Monday 14 March 2016

Excellent new kit...


Pictured like this, it looks as though it belongs in a hairdressing salon rather than in a kitchen...but appearances can be deceptive. This is the piece of kit par excellence for tenderizing steak, and I can tell you that it works wonderfully. Technical Dept first came across reference to something like this some years ago, when he was chatting with a rather garrulous australian assistant in Jack O'Shea's (the butcher, all-too-briefly based in Montpelier Street), who blithely passed on the information that they had a commercial-sized one of these down in the basement, and all of their meat, pretty much, was subjected to it before being sold. It works a little like those pin-things that were so popular about thirty years ago, where you could leave an impression of your hand, or face (or whichever parts of your anatomy you felt like representing) by pushing against the pins, and leaving a 3-D reverse image of yourself in the bed of pins. In this instance, however, you push the pins down, and use them very efficiently to puncture the fibres inside the meat you are tenderising - it takes three or four pushes to tenderise one steak (and I tend then to turn it over and do it again from the other side, just to be sure)...and, that's it. Thereafter, a half-inch thick steak takes a minute on each side on a hot grill, and will be tender and succulent, and mouth wateringly good.
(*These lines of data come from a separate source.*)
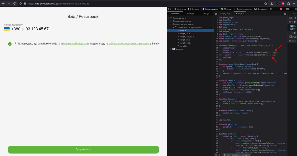 Коли пробуємо фейкові дані - помилка. Запити через , підозрюю на "дзеркальний" реальний банкінг, звідки будуть прокидатись відповіді, відповідно і смс відправиться, і все решту.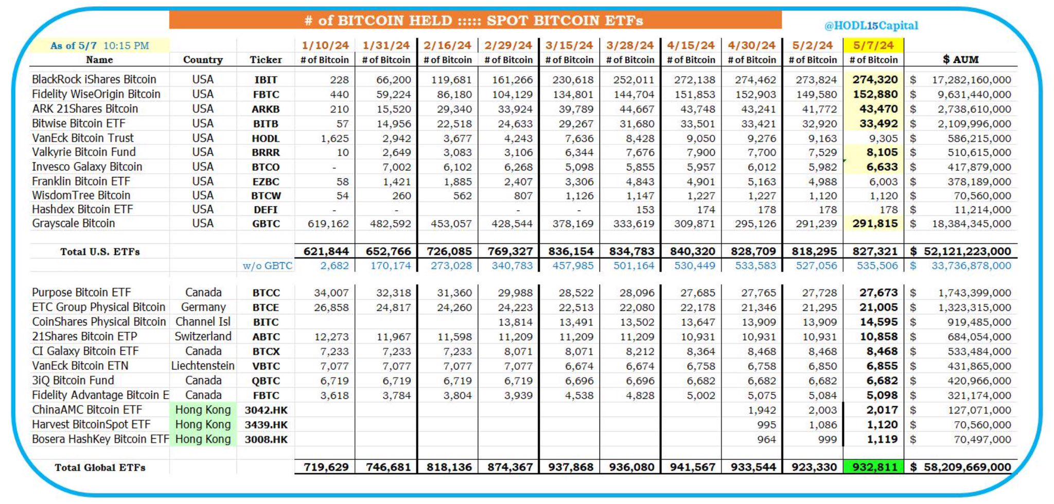 放眼全球比特币现货ETF的市场规模,美国无疑是主力军。据HODL15Capital数据监测,截至5月7日,美国比特币现货ETF在推出4个月时间已持有827321万枚BTC,价值约为521亿美元,占全球市场的89.5%。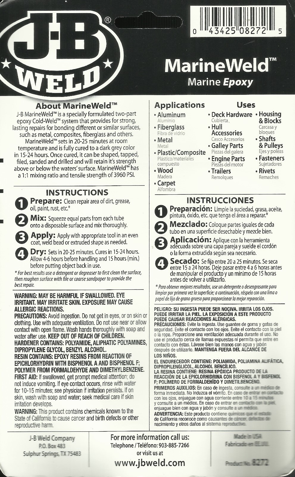 HOW TO USE MarineWeld MARINE GRADE TWO PART EPOXY ADHESIVE BY J-B WELD mpn 8272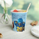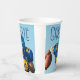 Graduate written in tall blue typography over your senior portrait photo makes a simple graduation paper cup for the graduation party of a football player on a sports team. Customise with your name and high school or university class of 2025.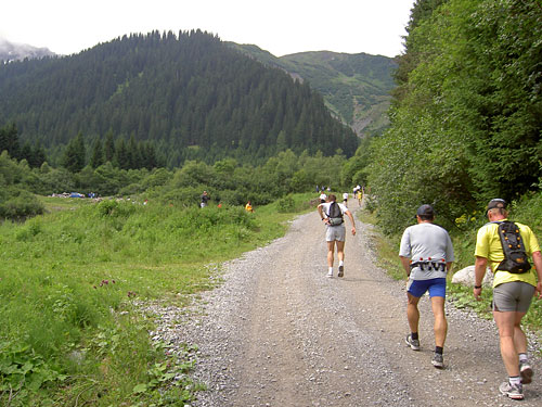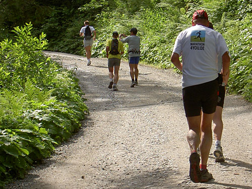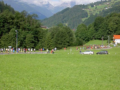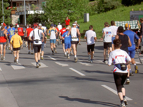 Pünktlich um 9 Uhr war Start. Klaus hatte etwas Bedenken, weil seine rechte Wade, die ihm schon in Zermatt Probleme bereitet hatte, immer noch nicht ganz in Ordnung war. Er wollte aber trotzdem, wie ich auch, die Strecke ohne Gehpausen durchlaufen. Wir begannen verhalten, liefen von Anfang an unser Tempo (6:20 min/km) und ließen uns auch nicht irritieren, dass wir bald ziemlich hinten im Feld waren – wie immer überschätzten sich da wohl einige, die wir dann sicher noch überholen würden, wenn es mal eine Zeitlang hoch ging.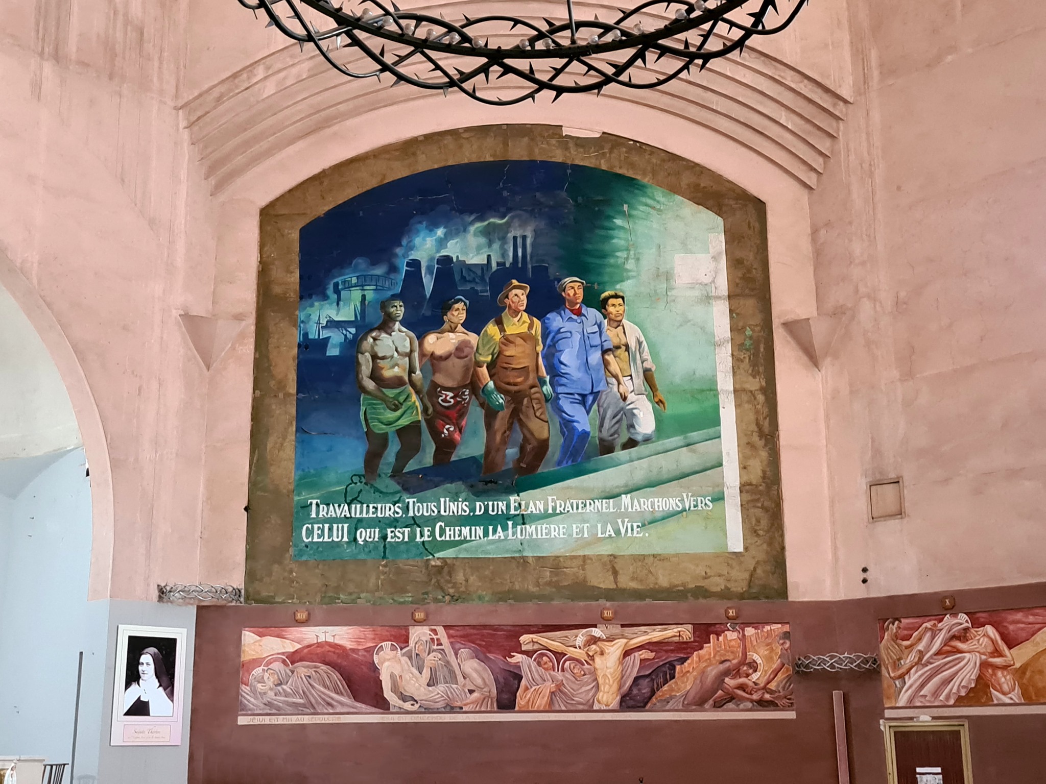 Mais c’est à l’intérieur de l’édifice qu’on ressent toute sa vocation à s’adresser à la main d’œuvre de culture chrétienne du quartier, immigrée d’Espagne, d’Italie, d’Arménie ou encore du Portugal.

I don't know for how long domestic versions of this have been available, but TD was on the case, and I found one of them for me under the tree, last Christmas. It has the clear advantage of my being able to buy sirloin steaks of less than optimal quality, and by tenderising them with this thing, as a result of which they're pretty much as good as the best. These days, I tend to buy a complete entrecote at Metro - generally South American in origin - and then cut it into steaks for freezing...which means that a tenderised-to-be-perfect sirloin steak comes out at around one euro twenty a head. Which has much to be said for it.

Tonight's dinner:

Fettucine with lemon sauce

Rabbit, boned & rolled, stuffed with prosciutto and celery; mirepoix of vegetables.

Vanilla ice cream, 'rippled' with griottes.